Any help is appreciated.
On
Hint. Note that $na-1<\lfloor na\rfloor \leq na $ which implies that $$a-\frac{1}{n}=\frac{na-1}{n}<\frac{\lfloor na\rfloor}{n} \leq \frac{na}{n}=a\implies \left|\frac{\lfloor na\rfloor}{n}-a\right|<\frac{1}{n}.$$
On
Generally, whenever we encounter greatest integer functions, we create a bound for it and try to apply sandwich theorem for the limit.
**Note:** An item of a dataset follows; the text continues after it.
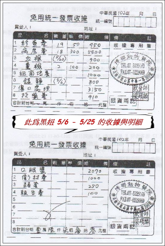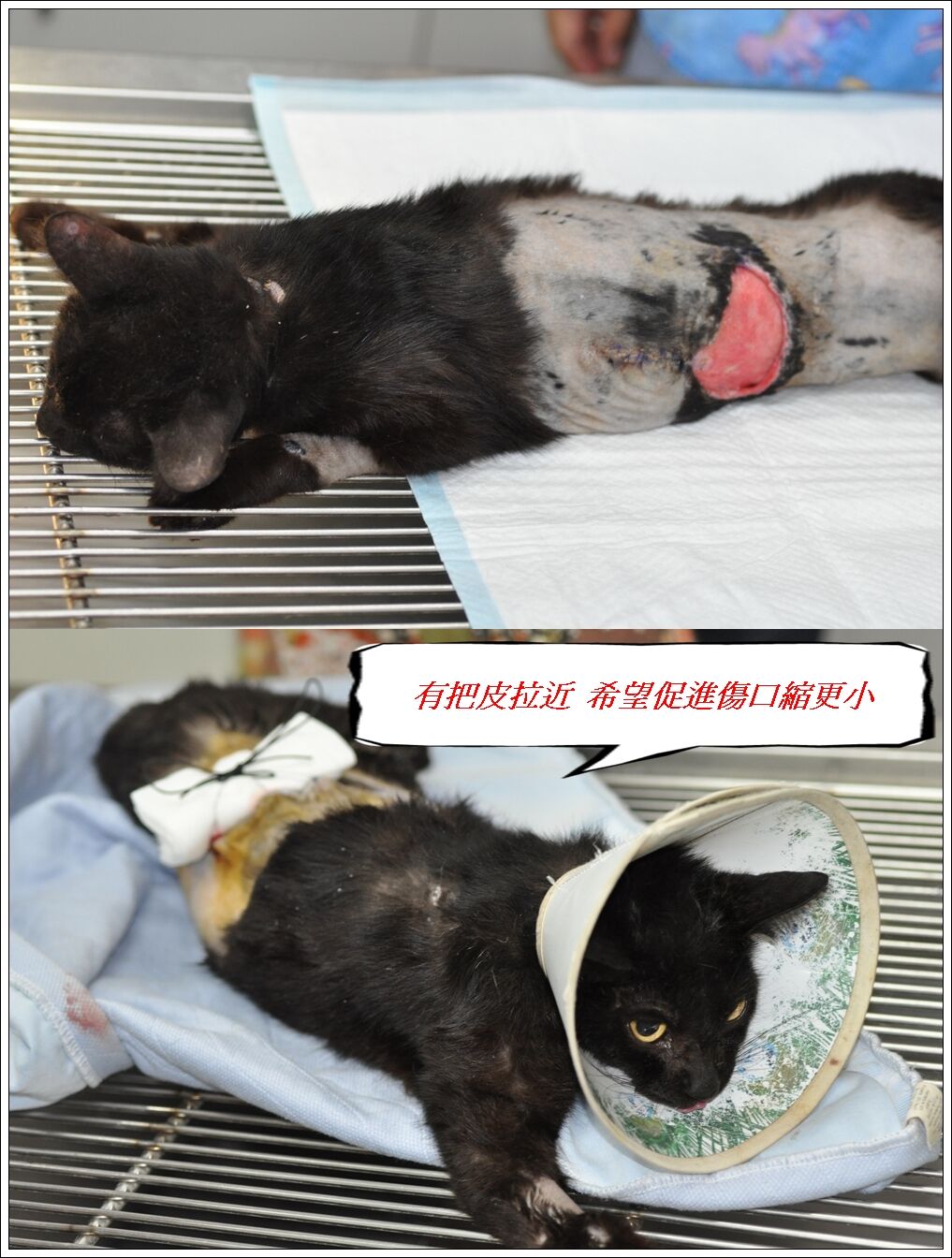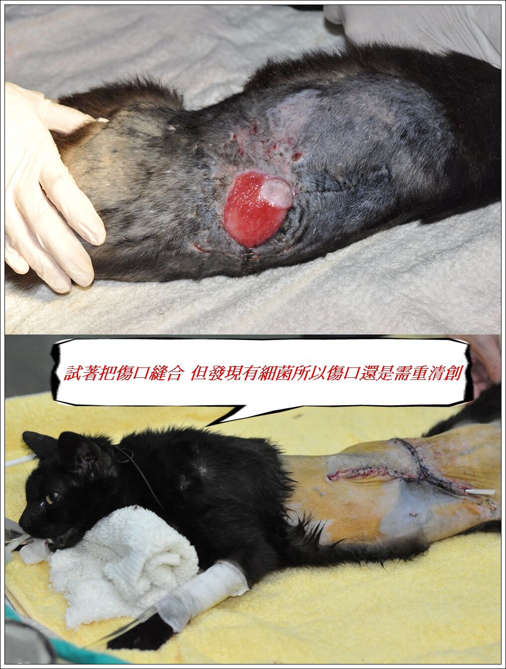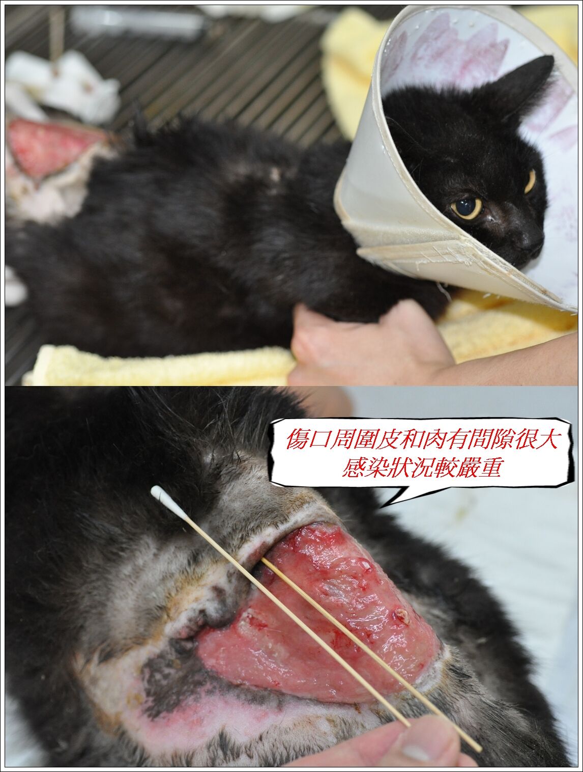 主題: 高雄中崙二路被割一層皮肉的黑母貓 第二階段 申請者姓名: 劉雅雲 花色: 申請日期: 2013-06-02 03:57:21 申請者部落格: 申請者臉書網址: 所在縣市/合作醫院: 高雄市/博聯動物醫院 治療費用: 26600元 需求人數: 28人 已結案 (2013-06-27 13:04:47) 報名人員: 何春生(已付款)、Bow Huang x2(已付款)、Shirley Tsai x2(已付款)、FS.NG(已付款)、Angel Liao(已付款)、Kiki Liang(已付款)、WeiLin Chen x2(已付款)、林微利(已付款)、Weili Chang x2(已付款)、七一四(已付款)、蝠蝠(已付款)、伶伶(已付款)、Ethan Chang(已付款)、Angel Huang(已付款)、Jason Chang(已付款)、Chia Chien Hsiao(已付款)、Meimi Chung(已付款)、Hope Liao(已付款)、Nicky Lin(已付款)、Shu-Yun Luo(已付款)、Yiting Chen(已付款)、Amber Lin(已付款)、Bebe Wang(已付款)、vigia(已付款)、 候補人員: 饅頭麻包子、Froggy Chiu、 動物病情說明: 這是在高雄中崙二路有一個小檳榔攤那邊有很多浪狗還有一隻黑黑的東西很像貓, 但皮膚上有一層白白的東西, 我停下車去問並仔細一看, 貓咪身上一層皮肉不見了, 檳榔攤的人說一個月前, 因為貓咪親人疑似被割了一層皮和肉下來, 傷口很嚴重, 他們不知怎麼辦就只好幫貓撒廣東苜藥粉, 可是一直都沒好. 貓送到協會合作醫院後,醫院馬上幫貓咪做清創, 整層都是壞掉的皮削所以都先清除, 經過一番清創貓咪留在醫院做治療並每天換藥, 貓咪原本恢復的很好傷口也變小, 醫生幫貓咪做把皮拉近的小手術, 原本試著把傷口縫合, 但縫合後發現滲出物又變多, 所以又重新清創, 目前又做了一次細菌培養, 但還是有細菌的問題. 感謝博聯動物細心的照顧與治療, 貓咪嘗試了不同的抗生素對抗細菌, 但因為傷口感染的狀況嚴重, 也謝謝高雄志工Sally 5/25協助帶黑妞北上 轉院繼續接受治療. 上回申請第一階段的治療費為4/19-5/5的費用, 這次申請第二階段包含黑妞4/10-4/18補申請9870, 還有5/6-5/25的費用16730 Total:26600 <明細請看附圖第七張與第八張> 謝謝大家的幫助捐款救救這隻傷重的貓咪.

Here, $na-1\le[na]\le na$
On
Since $\forall n,a : na-1 < \lfloor na \rfloor\leq na$ we can write $$ \lfloor na \rfloor na = na - \alpha(n,a) $$ with $\forall a :0 \leq \alpha(n,a) < 1$. Now apply $n(\epsilon)-\epsilon$ definition of limit: Take any given $\epsilon > 0$, and let $n(\epsilon) = \frac2\epsilon$. Then for all $n > n(\epsilon)$, $$ a - \frac{\lfloor na \rfloor}{n} = a - \frac{na - \alpha(n,a)}{n} = a - \left(a - \frac{- \alpha(n,a)}{n}\right) = \frac{ \alpha(n,a)}{n} < \frac{ \alpha(n,a)\epsilon}{2} < \epsilon $$ and also $a - \frac{\lfloor na \rfloor}{n} \geq 0$ so $$\left| a - \frac{\lfloor na \rfloor}{n} \right| < \epsilon$$ thus showing that the desired limit is $a$.
We know that for any $\alpha$, $$\alpha-1<[\alpha]\leq \alpha$$ thus: $$\frac{nx-1}{n}<\frac{[nx]}{n}\leq\frac{nx}{n} $$ Now squeeze to get $$\lim_{n\to\infty}\frac{[nx]}{n}=x $$